I just read the manual for the Radian and it says nothing about the seatbelts being forward of the seat crease and also it says nothing about how much of the seat needs to be on the vehicle seat.

So I guess I don't understand what the difference is? Isn't the seatbelt going to work either way? Why would a different carseat be able to use that seatbelt? It's not like the seatbelt changed. It's still locked into place. And why would one carseat be able to hang off a bit and not another? I'd love it if someone could explain this logic to me.


----------



## an_aurora (Jun 2, 2006)

Quote:


Originally Posted by *cody'smomma* 
I just read the manual for the Radian and it says nothing about the seatbelts being forward of the seat crease and also it says nothing about how much of the seat needs to be on the vehicle seat.

So I guess I don't understand what the difference is? Isn't the seatbelt going to work either way? Why would a different carseat be able to use that seatbelt? It's not like the seatbelt changed.

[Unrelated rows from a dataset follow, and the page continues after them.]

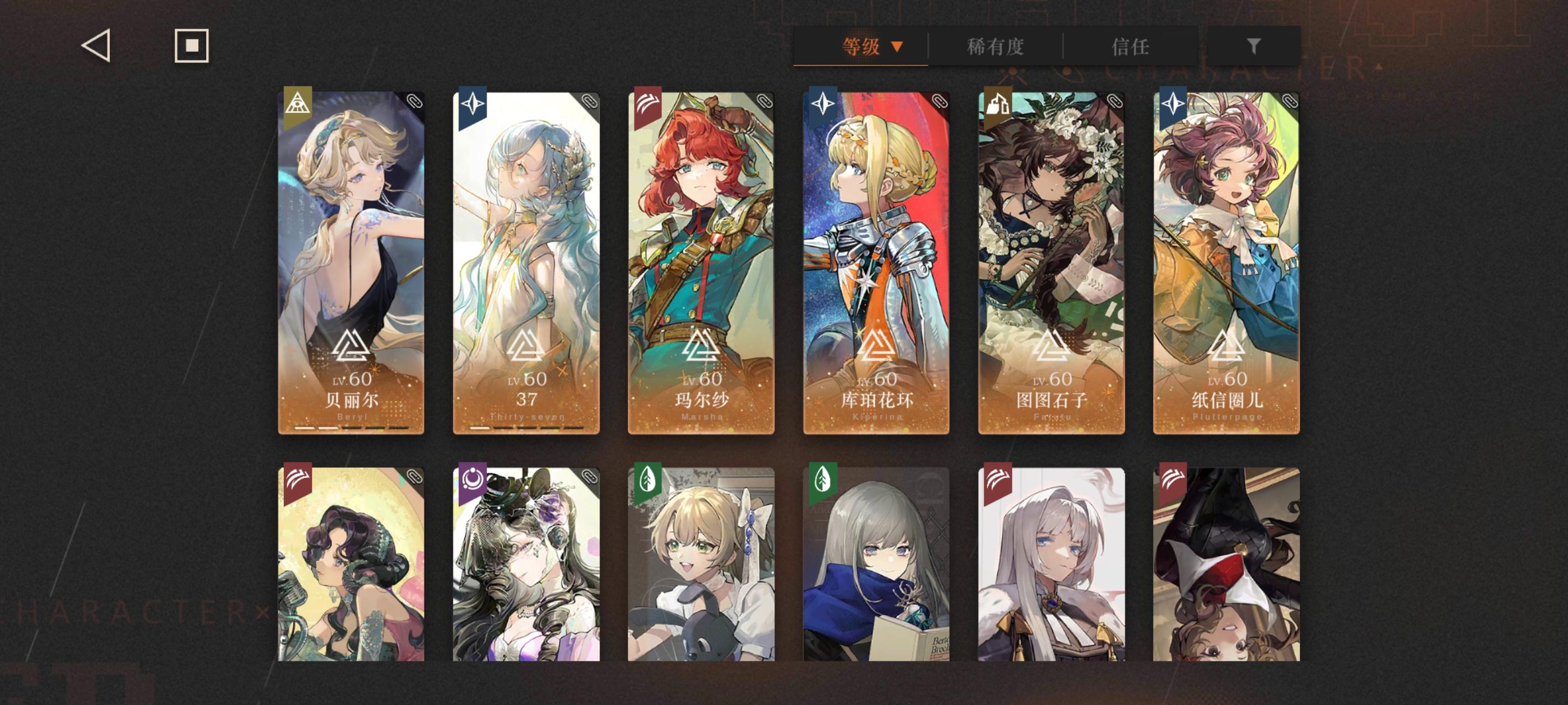 入坑买了个一百多抽的自抽号,号里带了娜娜和37,看攻略都说巡游版本马上来了就一直攒着没抽,鸭妈卡池大保底吃满200抽换了一只才2塑送的随机六星运气还不错随了个圈儿,然后混池出了图图和库柏(幸好没重复) 都说灰娜队很强但抽灰还要抽卡戎 直接选择放弃等余晖队友现在补了余晖队的142d和玛尔莎 还剩60抽左右接下来就等新年限定了os:前期过主线一直用的37娜娜追击队 所以
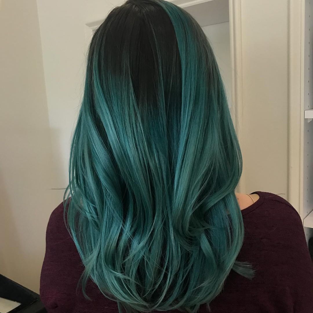 и желаемого оттенка, размешиваются в любом бальзаме или ополаскивателе для волос (бальзама берётся столько, сколько будет достаточно, чтобы равномерно окрасить волосы), и через несколько минут (такая краска берётся очень быстро) волосы — насыщенного и ровного зелёного с бирюзовым оттенком
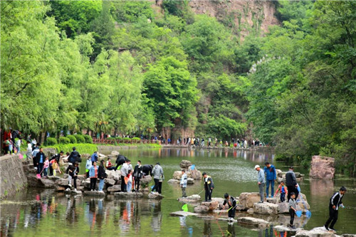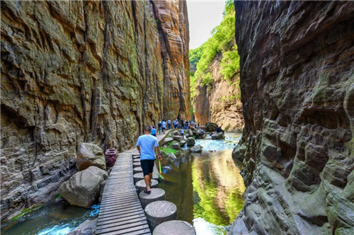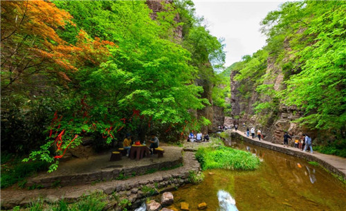 龍?zhí)洞髰{谷谷內(nèi)關(guān)峽相望、潭瀑聯(lián)珠、壁立萬(wàn)仞、峽秀谷幽。全長(zhǎng)14公里,可徒步游覽。穿越裂谷奇峽,遇見(jiàn)歡暢溪流,探尋甕谷石龕,對(duì)話神秘傳說(shuō)。
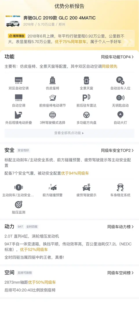 奔驰GLC(图片|配置|询价)自从在北京奔驰国产以来,销量成绩一直保持的不错,根据懂车帝数据中心显示,奔驰GLC在中型SUV销量榜排第5位。可见喜欢他的朋友并不在少数。今天呢,我们就为您带来一辆二手奔驰GLC,看看这辆车是否符合您的心意,咱们往下看详细信息。
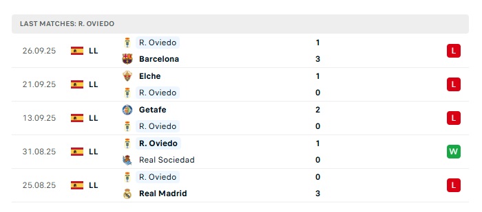 - Phong độ gần đây Real Oviedo
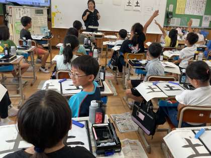毛筆の様子です。穂先をしっかり整えて書いていました。手本をよく見て、集中して取り組んでいます!

It's still locked into place. And why would one carseat be able to hang off a bit and not another? I'd love it if someone could explain this logic to me.

It's because either it hasn't been tested, or tested and failed, or didn't perform the way it should have. If it strictly prohibits the use of those seatbelts, you can't use them. The hangoff thing is the same way--either it tested and failed, or wasn't tested.


----------